Why Is Nginx So Fast? Inside Its Process and Event Model

Nginx is a free, open‑source, high‑performance HTTP server, reverse proxy, and IMAP/POP3 proxy.

Nginx Process Model

It uses a master‑worker architecture: one master process manages multiple worker processes. The master handles signals, monitors workers, and restarts them if they exit unexpectedly. Workers are equal and handle network requests; the number of workers is usually set to the CPU core count to maximize resource utilization while avoiding excessive context switching.

Multi‑process: one master, multiple workers.

Master process: manages workers, receives external signals, forwards them, monitors worker status, and restarts crashed workers.

Worker process: handles network requests; the number of workers is configured in nginx.conf, typically equal to the number of CPU cores.

HTTP Connection Establishment and Request Handling

Master loads configuration at startup.

Master initializes listening sockets.

Master forks worker processes.

Workers compete for new connections; the winner completes the three‑way handshake, establishes a socket, and processes the request.

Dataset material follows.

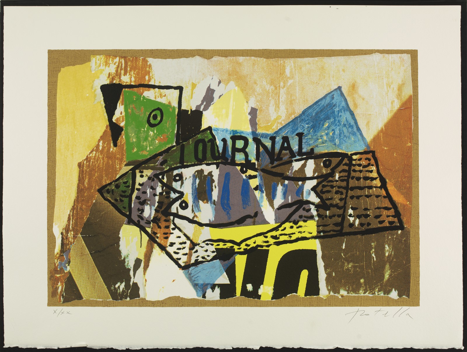 ROTELLA MIMMO (1918 - 2006) Senza titolo. Serigrafia. Cm 80,00 x 60,00. X/XX. Tiratura e firma a matita in basso. Filigrana Moulin du Gué in basso a destra. Stampatore: Alberto Serighelli, Arte3, Milano

Nginx High Performance and Concurrency

Uses multi‑process + asynchronous non‑blocking I/O (epoll).

Full request flow: connection → read request → parse request → process request → send response.

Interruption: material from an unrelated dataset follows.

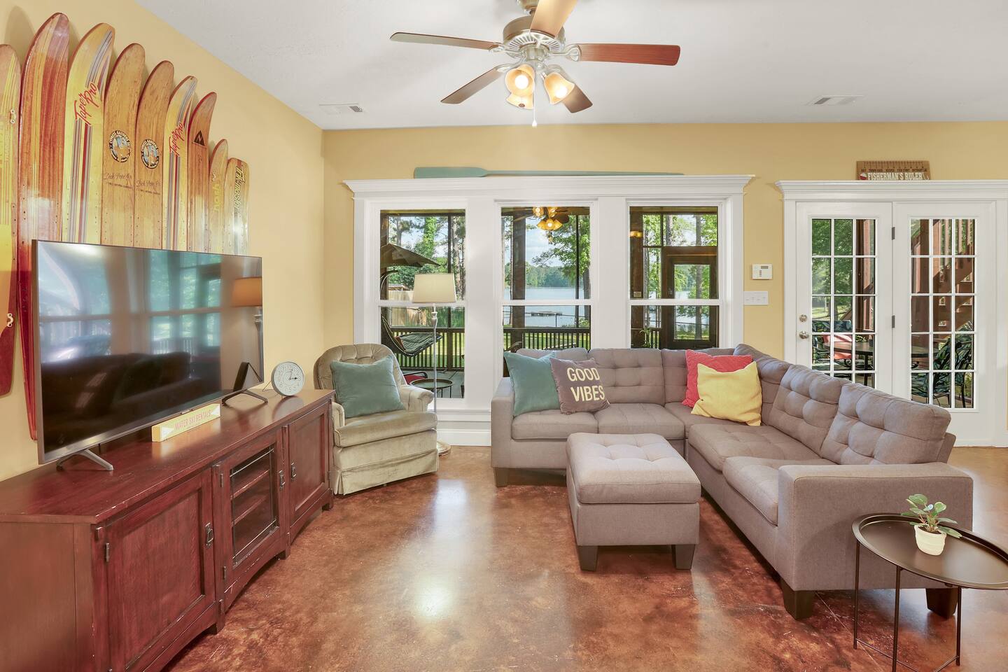 As seen on Destination Channel’s Staycation Sports! Vacation like a celebrity at Keg Creek Cottage on Clarks Hill Lake. Nestled in a quiet cove perfect for swimming or fishing, with dock access for your boat. Enjoy a fenced yard for pets, a screened porch, fire pit (shared), and Rec Teq grill. Kayaks, paddle boards, and cornhole included for fun on and off the water.

At the low level this corresponds to read/write socket events.

Nginx Event Handling Model

Basic HTTP web server workflow: receive request (read request line, headers, body), process request, return response (status line, headers, body).

Modular Architecture

event module: provides OS‑independent event framework (ngx_events_module, ngx_event_core_module, ngx_epoll_module, etc.).

phase handler modules: handle client requests and generate content (e.g., ngx_http_static_module).

output filter modules: modify output content (e.g., add footers, rewrite URLs).

upstream modules: implement reverse proxy, forwarding requests to backend servers.

load‑balancer modules: select a backend server according to a load‑balancing algorithm.

Common Questions

Nginx vs Apache

IO multiplexing (epoll/kqueue), high performance, high concurrency, low resource usage.

Apache uses blocking I/O with multi‑process/thread, more stable, richer modules.

Maximum Connections

Nginx is multi‑process; workers handle requests.

Each process’s file descriptor limit is set by ulimit -n. worker_connections limits connections per worker; worker_processes sets number of workers.

Maximum connections = workers × worker_connections. For reverse proxy, effective connections are roughly half because each client connection also opens a backend connection.

HTTP Request and Response

Request line: method, URI, HTTP version.

Request headers.

Request body.

Response line: HTTP version, status code.

Response headers.

Response body.

I/O Models

Multiple requests can be handled with I/O multiplexing or blocking I/O + multithreading.

I/O multiplexing: a single thread monitors many sockets and reads/writes the ready ones.

Blocking I/O + multithreading: a new thread per request.

Select, Poll, and Epoll Comparison

// select system call
int select(int maxfdp, fd_set *readfds, fd_set *writefds, fd_set *errorfds, struct timeval *timeout);
// poll system call
int poll(struct pollfd fds[], nfds_t nfds, int timeout);

Select: scans fd_set (max 1024), limited connections, linear scan, copies data between user and kernel.

Poll: replaces fd_set with an array of pollfd, removes the 1024 limit but still copies data.

epoll: registers events for each fd, avoids linear scan, unlimited fd count (OS limit), event‑driven.

Nginx Concurrency Capability

After optimization, Nginx can handle peak concurrent connections of roughly 10‑30 k, depending on memory and CPU cores.